Nasceste na Califórnia, competes pelo Japão, tens casa na Ericeira e já há uns anos que passas algumas temporadas cá em Portugal. Nunca páras quieto.
O meu nome, Kanoa, em havaiano significa “livre” e é isso que eu sinto. Graças a Deus que tenho esse estilo de vida e consigo fazer o que quero, desde criança que queria ter essa liberdade e os meus pais sempre me apoiaram muito nessa decisão. O meu objetivo principal é ser o melhor surfista que conseguir ser, chegar ao topo do meu nível. E acho que o melhor para mim é estar em Portugal a treinar, como às vezes penso que é melhor ir para a Austrália durante um mês, ou ficar no Havai durante dois meses. É consoante o que sinto que o meu surf precisa para ir atrás de ser o melhor surfistas do mundo. Mas sim, ando sempre a mil.
Ou seja, os teus pais vão continuar a ‘morrer’ aos poucos de nervos enquanto não fores campeão do mundo.
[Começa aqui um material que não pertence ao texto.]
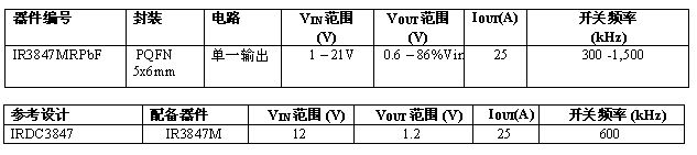 IR3847采用纖巧的PQFN 5×6mm 封裝,為15A 至 25A應(yīng)用帶來(lái)市場(chǎng)領(lǐng)先的電氣性能和熱性能,比如可以實(shí)現(xiàn)超過(guò)96%的尖峰效率,在25A下溫度僅上升50°C等。新器件的其它增強(qiáng)性能還包括外同步、排序、VTT跟蹤和輸出電壓極限。
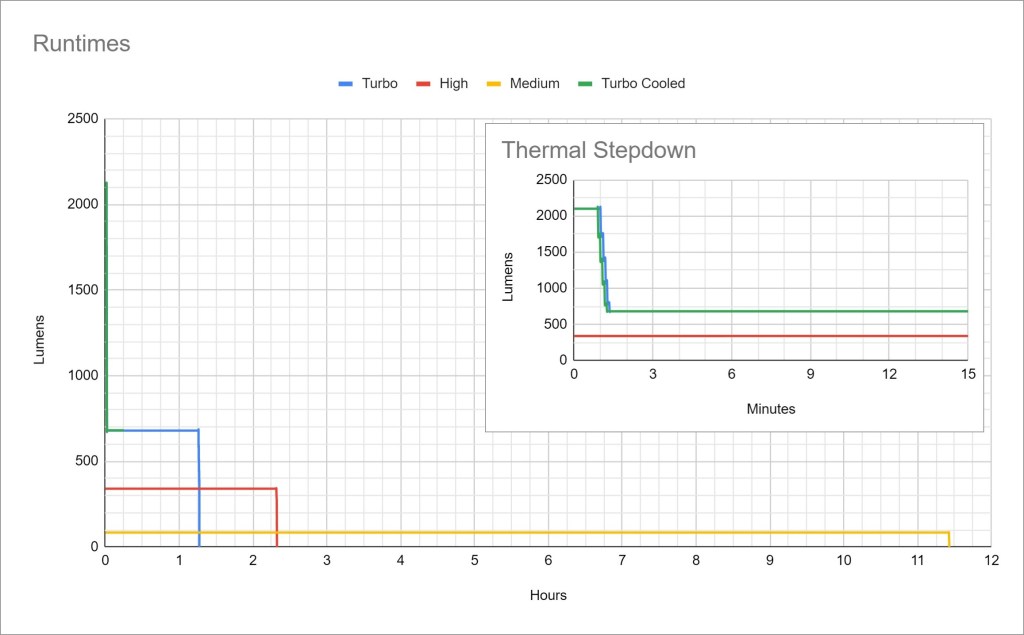 Thermal regulation: There is no active thermal regulation here. There is only a timed step-down at 1 minute on Turbo mode. That means the light will perform very consistently but may also overheat in hot weather or leave some performance on the table in cold weather.
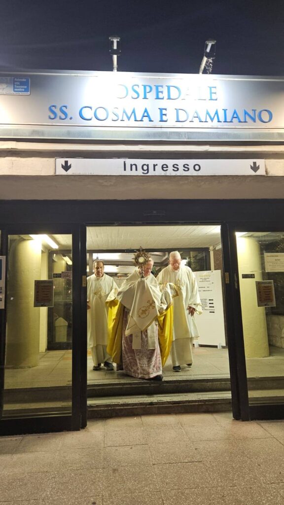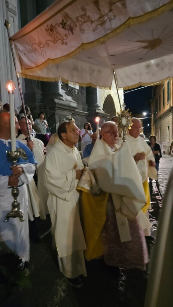Toccante la fermata, della processione, all’Ospedale SS. Cosma e Damiano, dove il Vescovo Fausto si è soffermato in preghiera esponendo il Santissimo nei locali della portineria: un segno tangibile dell’importanza di questa struttura nata più di 250 anni fa, testimonianza anche dell’importante passaggio di Sant’Allucio, fondatore del primo ‘Spedale’ luogo di accoglienza per i viandanti lungo la via tra Firenze e Lucca.
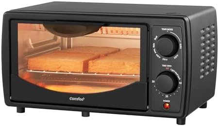 View full detailsCOMFEE' Toaster Oven Countertop, Small Toaster Ovens Combo 4 slice, Mini Oven for 9" Pizza, Compact Oven 2 Racks for Toast, Bake, Broil, 950W, Black, CTO-E101A(BK)
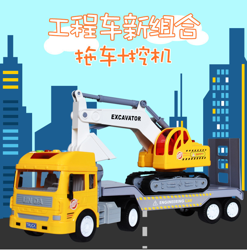 린다 장난감 자동차 8030-10 엔지니어링 차량 트레일러 + 굴삭기 어린이 장난감 시뮬레이션 엔지니어링 사운드 및 가벼운 음악 이야기
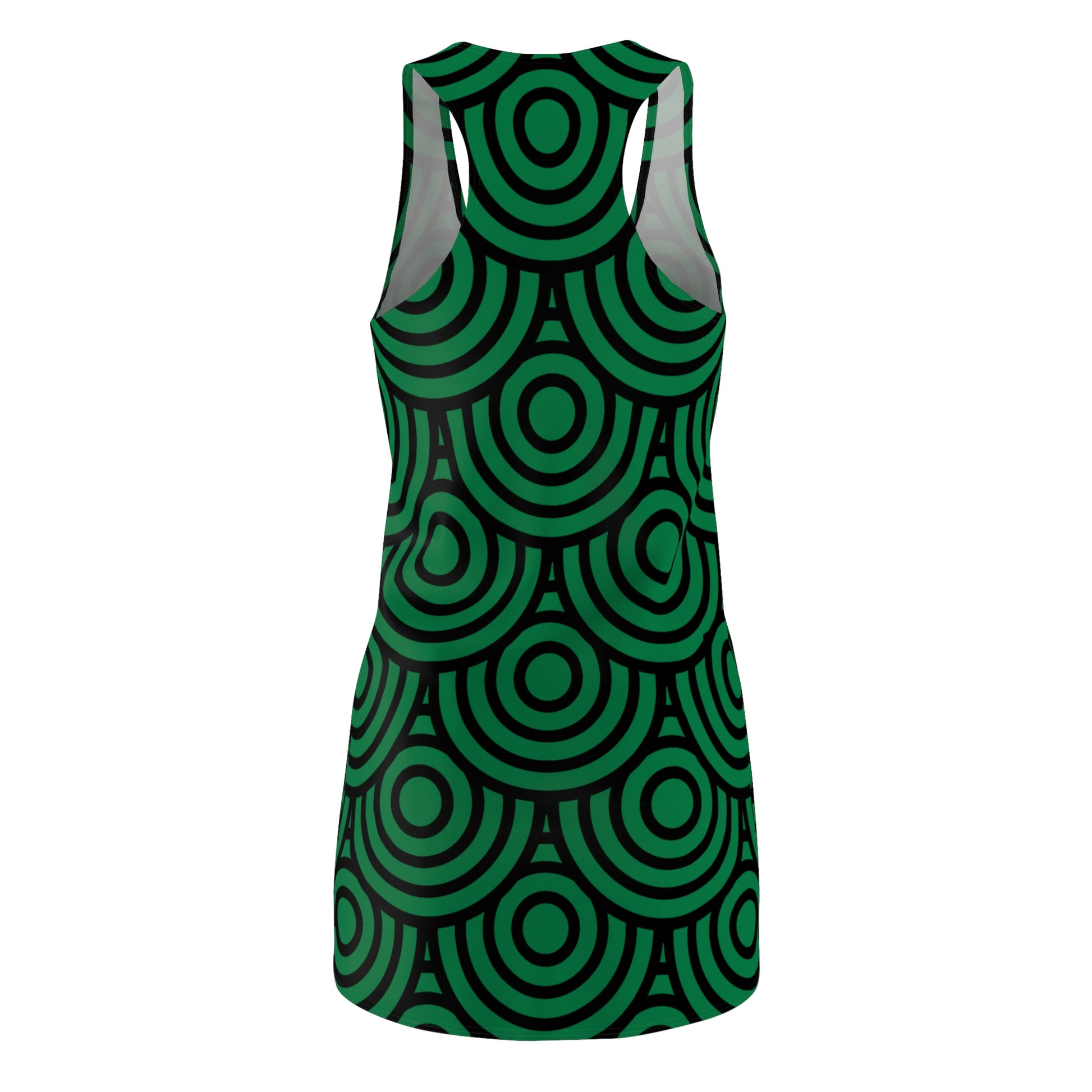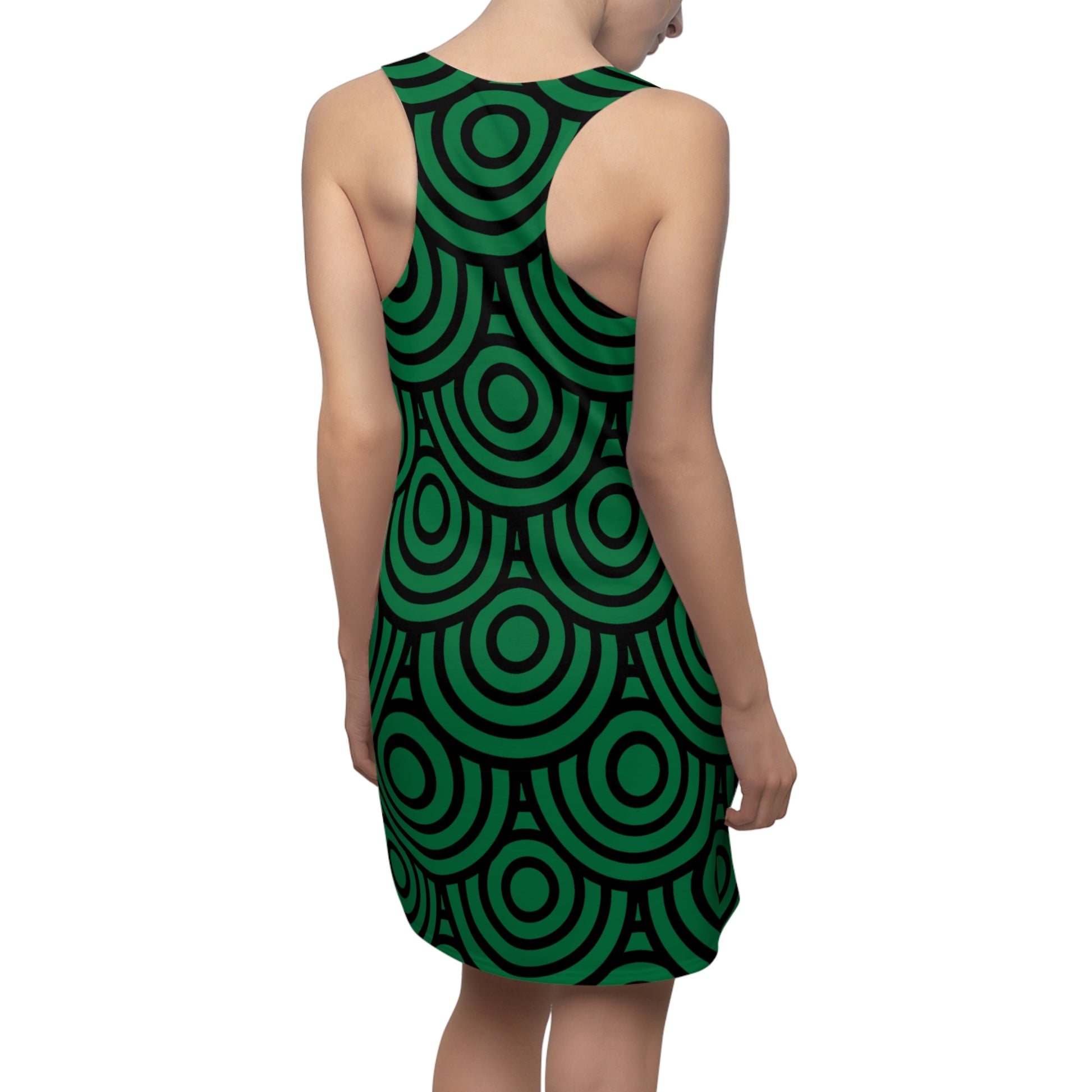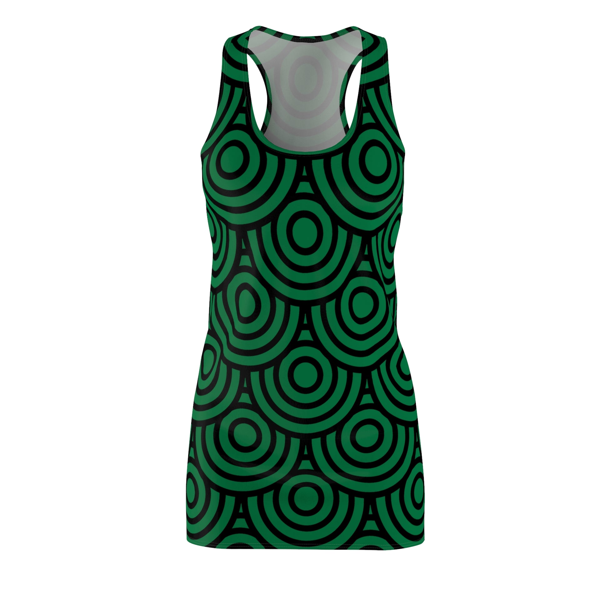 Dunkelgrünes Kreis Muster Racerback Kleid – Modern & Stilvoll
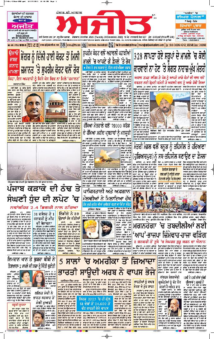 ਅਜੀਤ' ਖ਼ਬਰਾਂ, 29 ਦਸੰਬਰ 2025
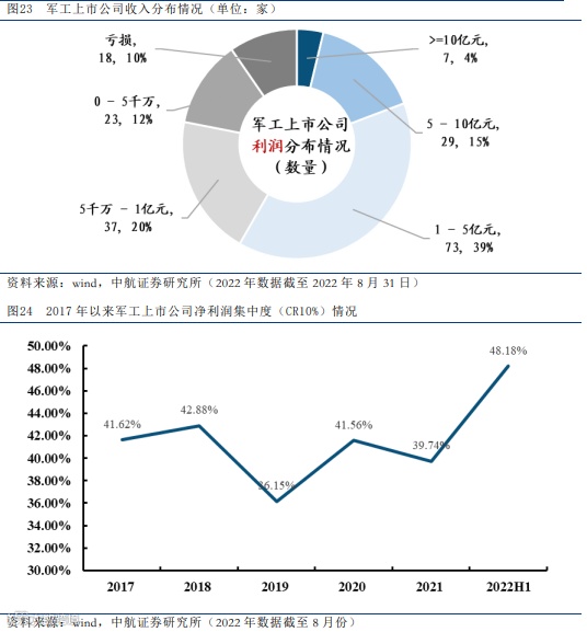 军工行业涉及行业多,产业链广,而在目前配套企业偏多,下游总装或系统级企业整体偏少的情况下,收入、净利润规模较小的军工上市公司仍然占大多比例,有待进一步发展提升。但可以看到,军工行业上市公司收入、净利润的头部集中情况明显,10%的公司业绩规模全行业占比近一半。我们认为随着军工行业景气度的不断提升,军工市场规模的稳步扩大,在企业的上下游拓展,及充分竞争后,军工行业内的马太效应将会进一步体现。
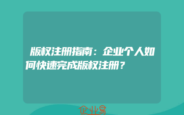 - 版权注册指南:企业个人如何快速完成版权注册?
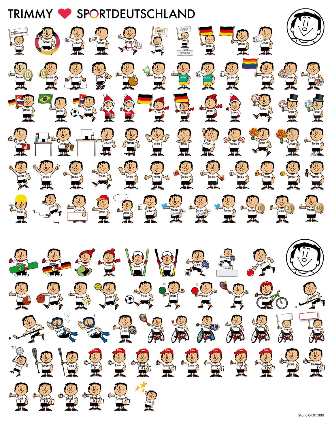 Die Symbolfigur Trimmy wurde übrigens schon am Gründungstag der Kampagne in Berlin als Maskottchen eingeführt: „Er ist kein Supermann und kein Held, ein ganz durchschnittlicher, kleiner, schmächtiger und unscheinbarer Bursche“, so bezeichnete ihn seinerzeit sein Zeichner Dieter Sihler, der mit seiner Agentur die Trimm-Dich-Bewegung für den DSB begleitete. Trimmy trat in unterschiedlichen Rollen als Sporttreibender auf: „Schwimm mal wieder“ und „Lauf mal wieder“ und „Fahr mal wieder Rad“ appellierte er im Sinne des „Sport für alle“. Trimmy ist jetzt 50. Doch dank seines regelmäßigen Sporttreibens strahlt er immer noch im jugendlichen Out-Fit - inzwischen allerdings mit dem DOSB-Logo auf der Brust.
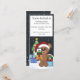 An adorable teddy bear in a Santa has, holding presents AND a penguin. Standing in the snow, near a Christmas tree with presents. Falling snow in the night sky and a North Pole sign. Teddy Bear by Whispy's D'zines
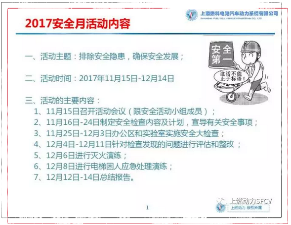 為了排除安全隱患、確保安全發展,上海燃料電池汽車動力系統有限公司(以下簡稱“上燃動力”)將于在11月15日至12月14日舉辦“安全月”活動,對實驗室以及辦公區存在的安全隱患進行檢查與整改。
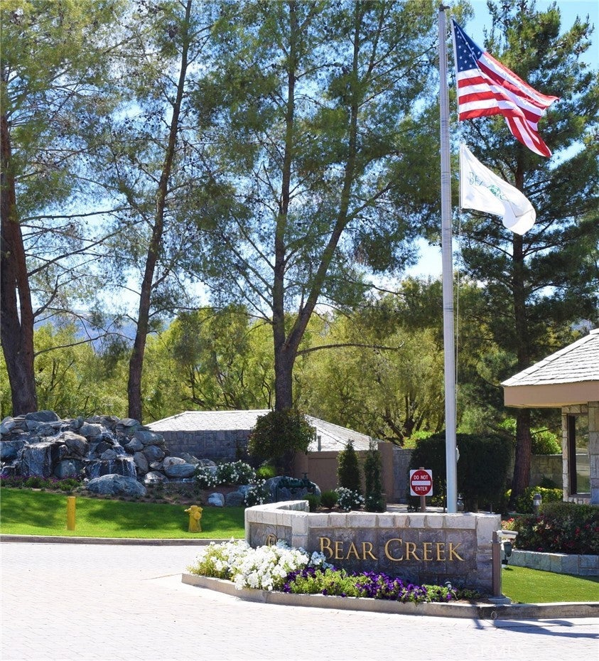Start 2026 in a beautiful new home! Location, Location, Location with breathtaking mountain views, sunset views and seasonal creek views. This home is located in the highly desirable gated, golf course community of Bear Creek. The gated community amenities include 24/7 security patrol, a community center with weight rooms, cardio rooms, a huge, heated swimming pool, spa, 6 tennis courts, 4 Pickleball courts, Bocce ball courts, locker rooms, sauna rooms, an event room with kitchen and more. The community also provides many social events and activities throughout the year. This prestigious Jack Nicklaus signature golf course has lush greens surrounded by beautiful mountain views and offers fine dining at the Clubhouse. The Bear Creek Golf Club has social and golf memberships available. This property has a fully fenced pie-shaped yard surrounded by mature trees. It’s located at the end of a quiet cul-de-sac with no one behind, just a gorgeous view of nature to start and end your day, all with low taxes and no Mello-Roos. This spacious single-story detached home has vaulted ceilings, a large living room with fireplace, dining area, 3 bedrooms, 2 bathrooms and spectacular views. The dining room, primary bedroom and sunroom all have sliding glass doors that open to the quiet, fully landscaped, low water use, low maintenance side and backyard. The yard is planted Kurapia - a pet friendly, highly versatile, drought tolerant ground cover. The newly enclosed covered patio sunroom has energy efficient floor to ceiling window walls. Bedroom 3 is currently configured as an office. Don't miss out on this fabulous home! This unattached condo is located in the “Retreat” of Bear Creek, a private cul-de-sac enclave of 20 single-level detached homes within the Bear Creek gates with all Bear Creek has to offer. The Retreat has the lowest HOA fees of all the condo sub associations in Bear Creek. This home is located near the south gate for quick entry and exit for your convenience. It’s a wonderful place to live! Come see for yourself.
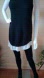 This long chic black sleeveless LOFT sweater is perfect for the crisp, cool autumn weather and any occasion. Its layered design with a black and white polkadot ruffle hem adds a touch of femininity to your outfit.
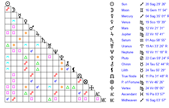 | Moon | 16 Gemini 14 | 0 Libra 27 | 12 Scorpio 18 |

[Ri-se] Espero que não! Acho que cada vez mais estou a melhorar e quando mais conseguir ganhar, menos eles ficam ansiosos. A minha mãe hoje até me disse que anda mais relaxada este ano, porque eu ando a começar melhor os heats e já várias outras pessoas me disseram o mesmo. Antes, eu só entrava mais tarde nas baterias, deixava os outros apanharem as ondas e só depois é que reagia. A minha mãe disse que gostava da nova tática, de começar rapidamente.